Start of Material provided
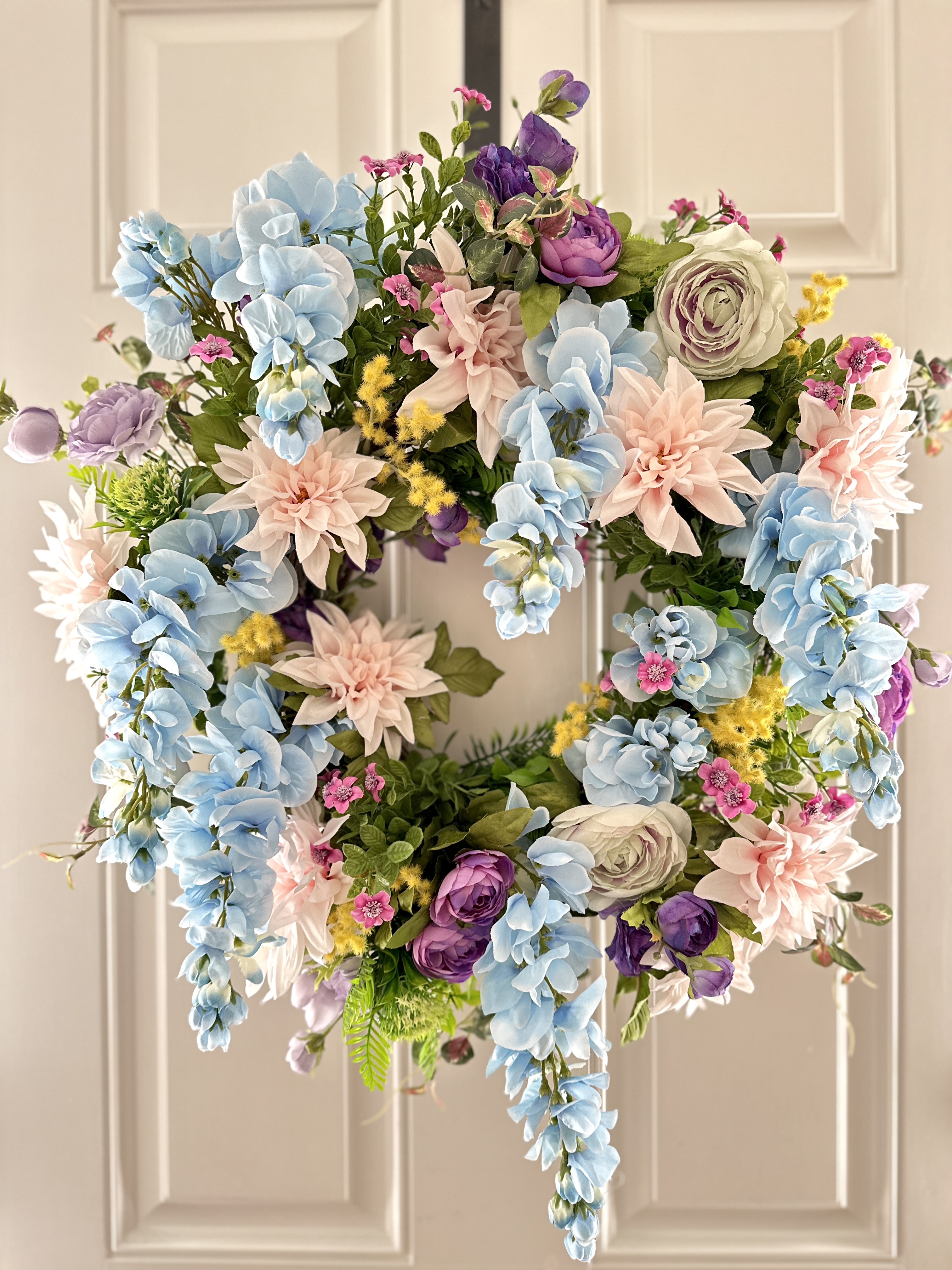 Your wreath will be designed on a 14" wreath base, with the final product measures approximately 20"-22"
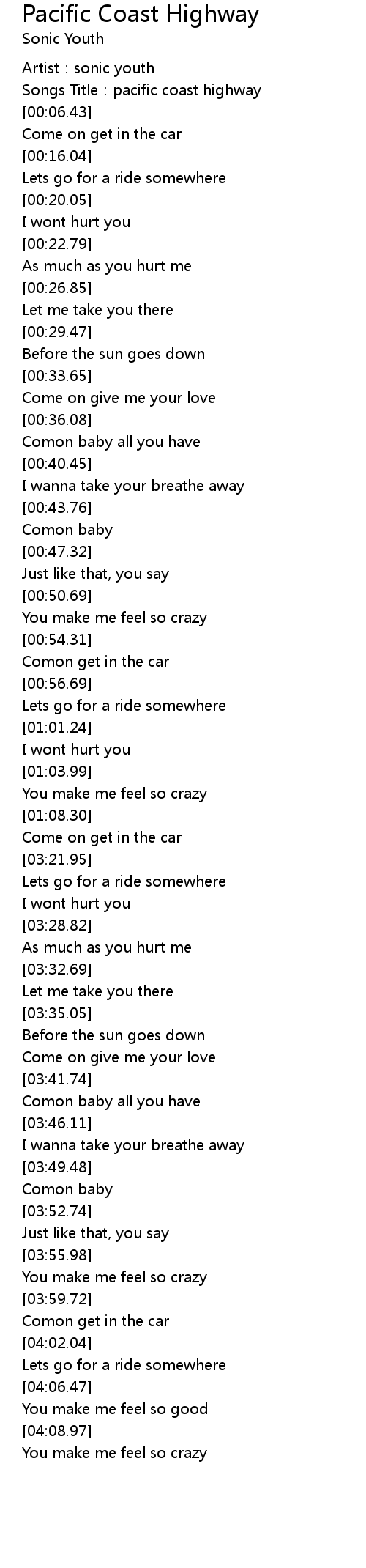| [00:02.74] | Songs Title: pacific coast highway |
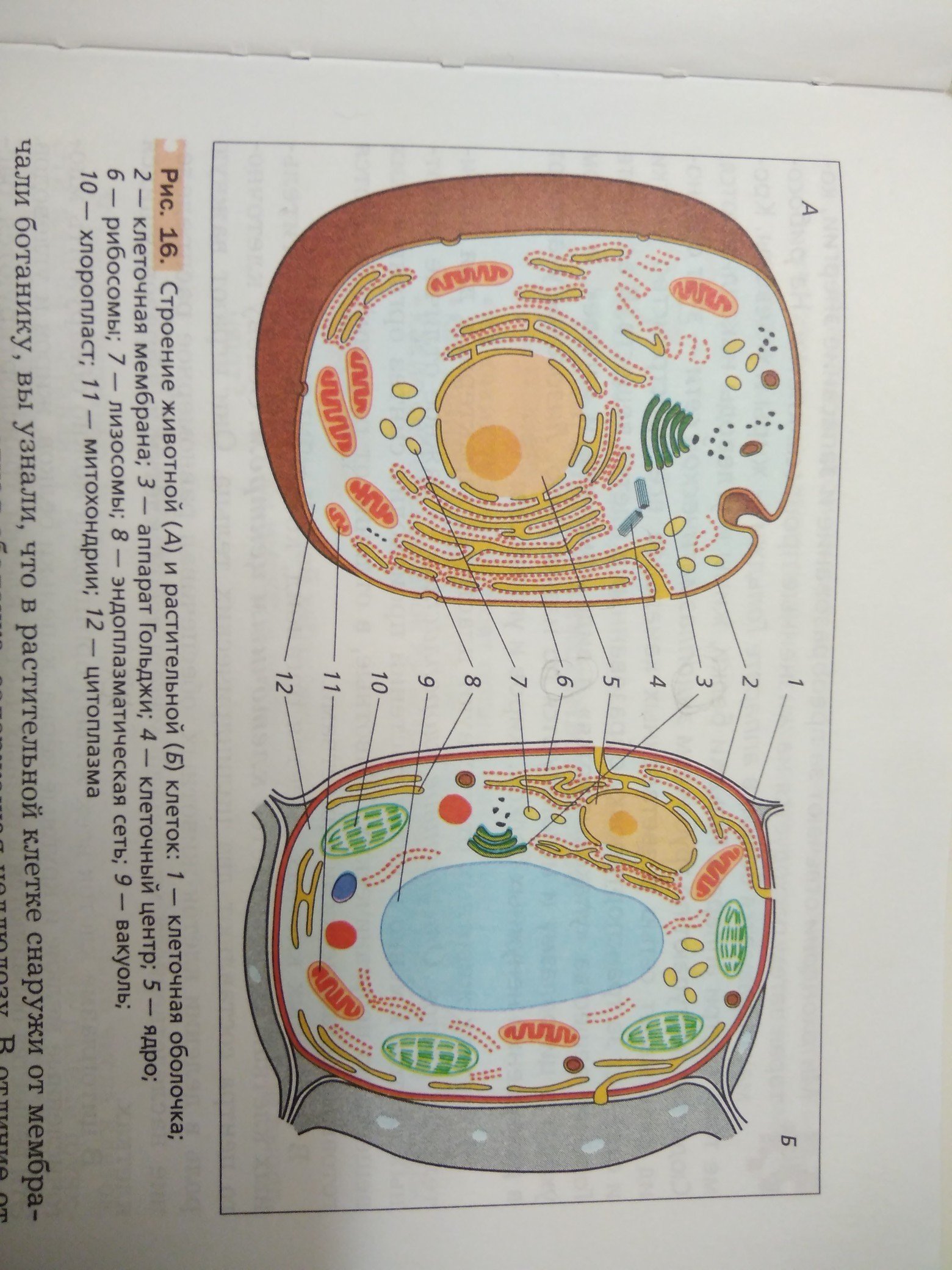 Схема строения животной и растительной клетки
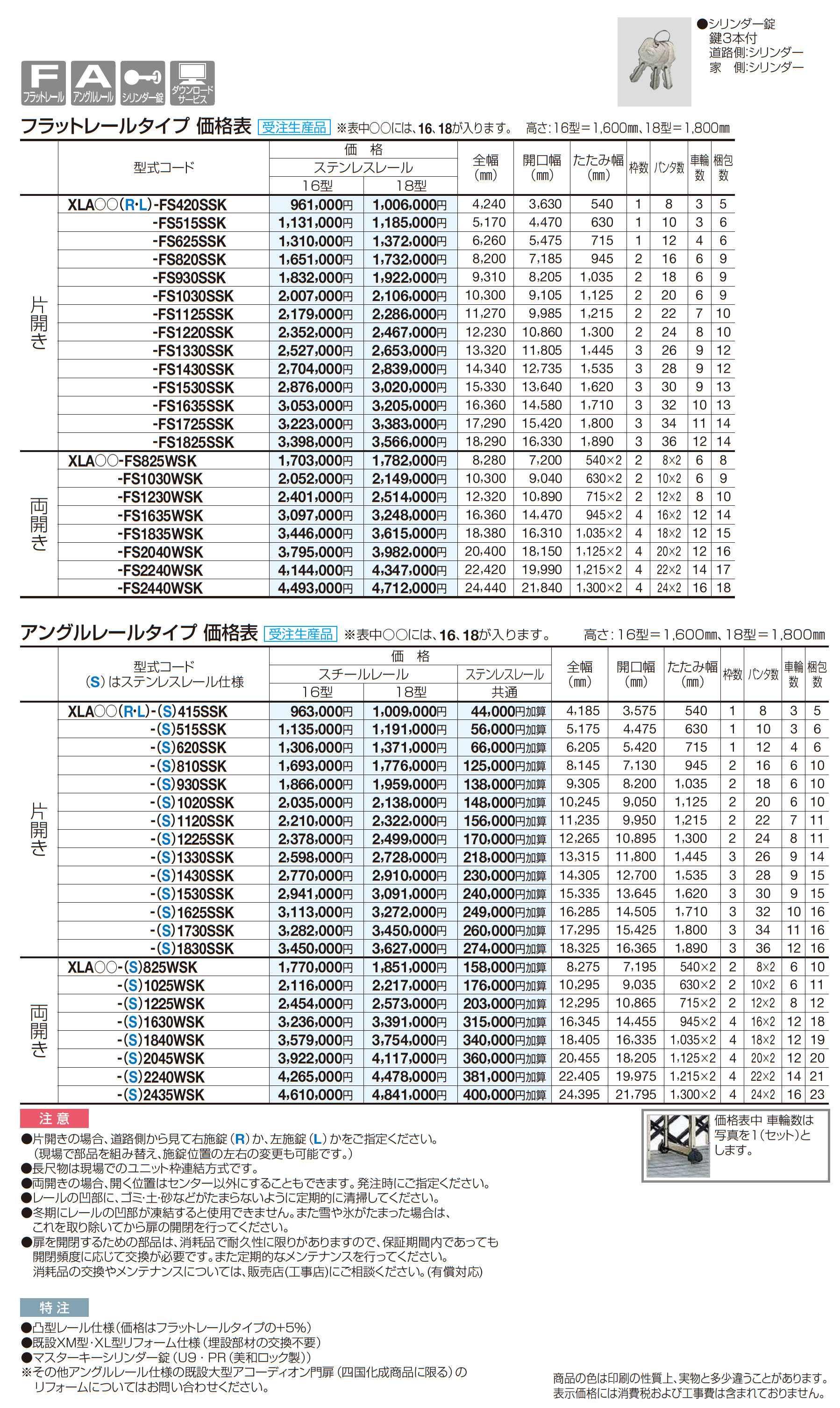 XL-A16型/18型 フラットレールタイプ /アングルレールタイプ【2025年版】(エクステリア総合カタログ 2025年度版)
End of Material provided
**Work to complete:**
Please output the material above unchanged, apart from removing the pictures.

**Answer box:**
 Your wreath will be designed on a 14" wreath base, with the final product measures approximately 20"-22"
| [00:02.74] | Songs Title: pacific coast highway |
 Схема строения животной и растительной клетки
 XL-A16型/18型 フラットレールタイプ /アングルレールタイプ【2025年版】(エクステリア総合カタログ 2025年度版)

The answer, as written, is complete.